Saved entries
———

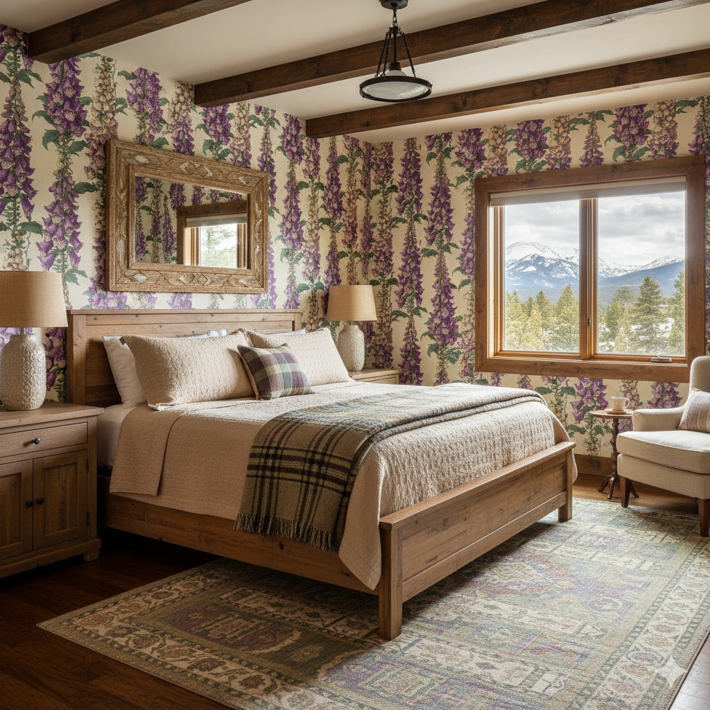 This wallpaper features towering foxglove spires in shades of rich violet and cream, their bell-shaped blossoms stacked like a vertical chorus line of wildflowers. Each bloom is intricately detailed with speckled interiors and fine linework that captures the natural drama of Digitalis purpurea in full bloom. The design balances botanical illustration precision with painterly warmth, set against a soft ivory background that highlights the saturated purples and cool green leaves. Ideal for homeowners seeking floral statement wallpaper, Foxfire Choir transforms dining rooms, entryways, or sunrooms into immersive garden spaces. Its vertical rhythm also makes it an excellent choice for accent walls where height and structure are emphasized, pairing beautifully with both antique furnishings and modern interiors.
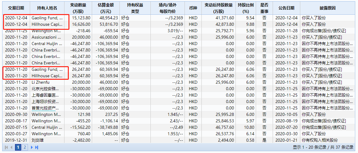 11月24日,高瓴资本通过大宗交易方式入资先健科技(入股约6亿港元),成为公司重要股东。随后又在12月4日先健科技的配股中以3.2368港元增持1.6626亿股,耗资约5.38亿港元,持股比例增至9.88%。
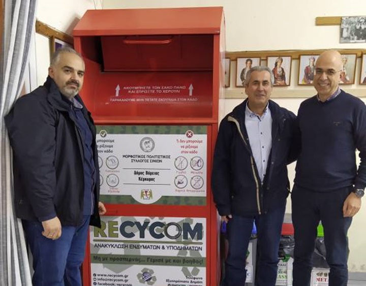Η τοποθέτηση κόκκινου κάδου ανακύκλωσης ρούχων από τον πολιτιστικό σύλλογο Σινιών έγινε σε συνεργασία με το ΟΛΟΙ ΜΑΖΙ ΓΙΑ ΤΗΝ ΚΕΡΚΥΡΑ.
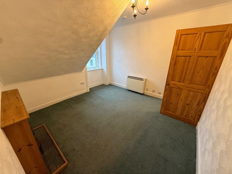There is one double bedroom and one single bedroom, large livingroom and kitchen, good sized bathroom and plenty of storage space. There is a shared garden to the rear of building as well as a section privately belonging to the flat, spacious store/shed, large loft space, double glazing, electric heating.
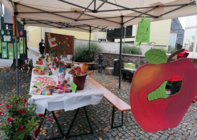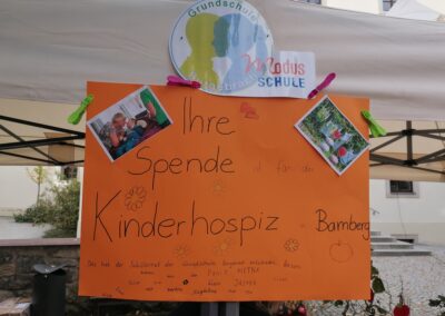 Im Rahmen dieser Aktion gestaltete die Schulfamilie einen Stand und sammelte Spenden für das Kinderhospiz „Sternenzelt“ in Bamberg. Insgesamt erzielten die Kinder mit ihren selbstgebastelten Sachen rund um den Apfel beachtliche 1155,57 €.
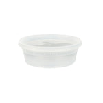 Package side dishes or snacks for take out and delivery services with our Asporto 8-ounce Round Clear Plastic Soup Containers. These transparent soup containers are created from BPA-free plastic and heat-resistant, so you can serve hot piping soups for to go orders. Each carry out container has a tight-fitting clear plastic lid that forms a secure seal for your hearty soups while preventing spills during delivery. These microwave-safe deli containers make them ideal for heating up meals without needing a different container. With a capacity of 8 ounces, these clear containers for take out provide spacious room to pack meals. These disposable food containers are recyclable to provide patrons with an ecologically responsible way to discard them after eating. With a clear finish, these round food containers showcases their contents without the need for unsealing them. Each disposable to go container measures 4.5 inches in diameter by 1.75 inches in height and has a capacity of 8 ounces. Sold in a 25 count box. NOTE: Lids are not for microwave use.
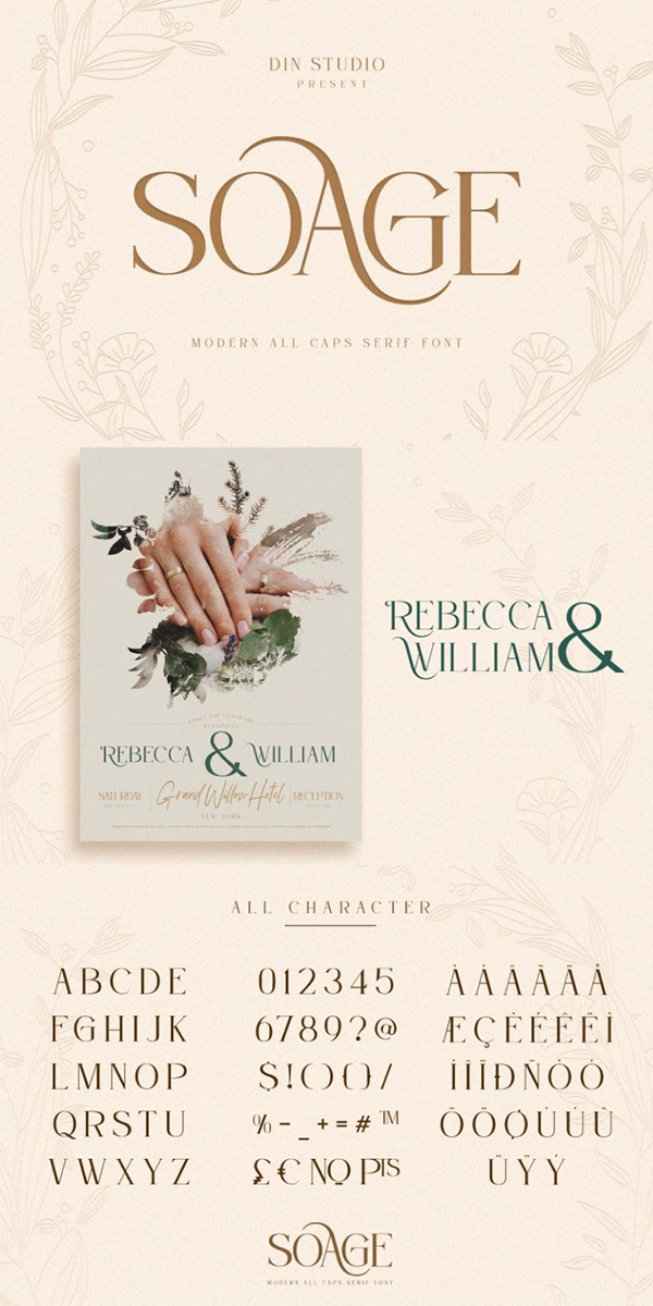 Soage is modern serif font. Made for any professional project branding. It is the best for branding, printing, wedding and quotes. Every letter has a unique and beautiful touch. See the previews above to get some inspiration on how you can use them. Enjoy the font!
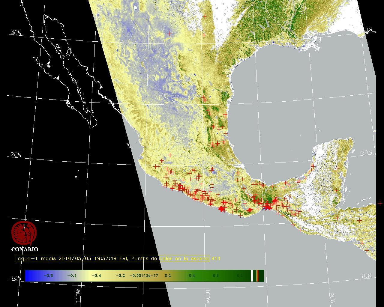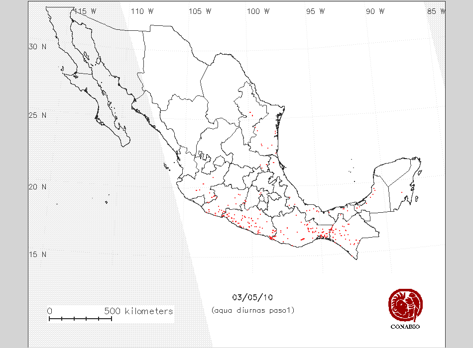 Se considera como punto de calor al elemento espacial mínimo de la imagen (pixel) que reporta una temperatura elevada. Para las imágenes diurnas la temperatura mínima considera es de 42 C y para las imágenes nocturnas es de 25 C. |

———

What is needed. Write out nothing but the lines from the start of the data through the line with "Im Rahmen dieser". Leave out the pictures.

Answer below.
 This wallpaper features towering foxglove spires in shades of rich violet and cream, their bell-shaped blossoms stacked like a vertical chorus line of wildflowers. Each bloom is intricately detailed with speckled interiors and fine linework that captures the natural drama of Digitalis purpurea in full bloom. The design balances botanical illustration precision with painterly warmth, set against a soft ivory background that highlights the saturated purples and cool green leaves. Ideal for homeowners seeking floral statement wallpaper, Foxfire Choir transforms dining rooms, entryways, or sunrooms into immersive garden spaces. Its vertical rhythm also makes it an excellent choice for accent walls where height and structure are emphasized, pairing beautifully with both antique furnishings and modern interiors.
 11月24日,高瓴资本通过大宗交易方式入资先健科技(入股约6亿港元),成为公司重要股东。随后又在12月4日先健科技的配股中以3.2368港元增持1.6626亿股,耗资约5.38亿港元,持股比例增至9.88%。
Η τοποθέτηση κόκκινου κάδου ανακύκλωσης ρούχων από τον πολιτιστικό σύλλογο Σινιών έγινε σε συνεργασία με το ΟΛΟΙ ΜΑΖΙ ΓΙΑ ΤΗΝ ΚΕΡΚΥΡΑ.
There is one double bedroom and one single bedroom, large livingroom and kitchen, good sized bathroom and plenty of storage space. There is a shared garden to the rear of building as well as a section privately belonging to the flat, spacious store/shed, large loft space, double glazing, electric heating.
 Im Rahmen dieser Aktion gestaltete die Schulfamilie einen Stand und sammelte Spenden für das Kinderhospiz „Sternenzelt“ in Bamberg. Insgesamt erzielten die Kinder mit ihren selbstgebastelten Sachen rund um den Apfel beachtliche 1155,57 €.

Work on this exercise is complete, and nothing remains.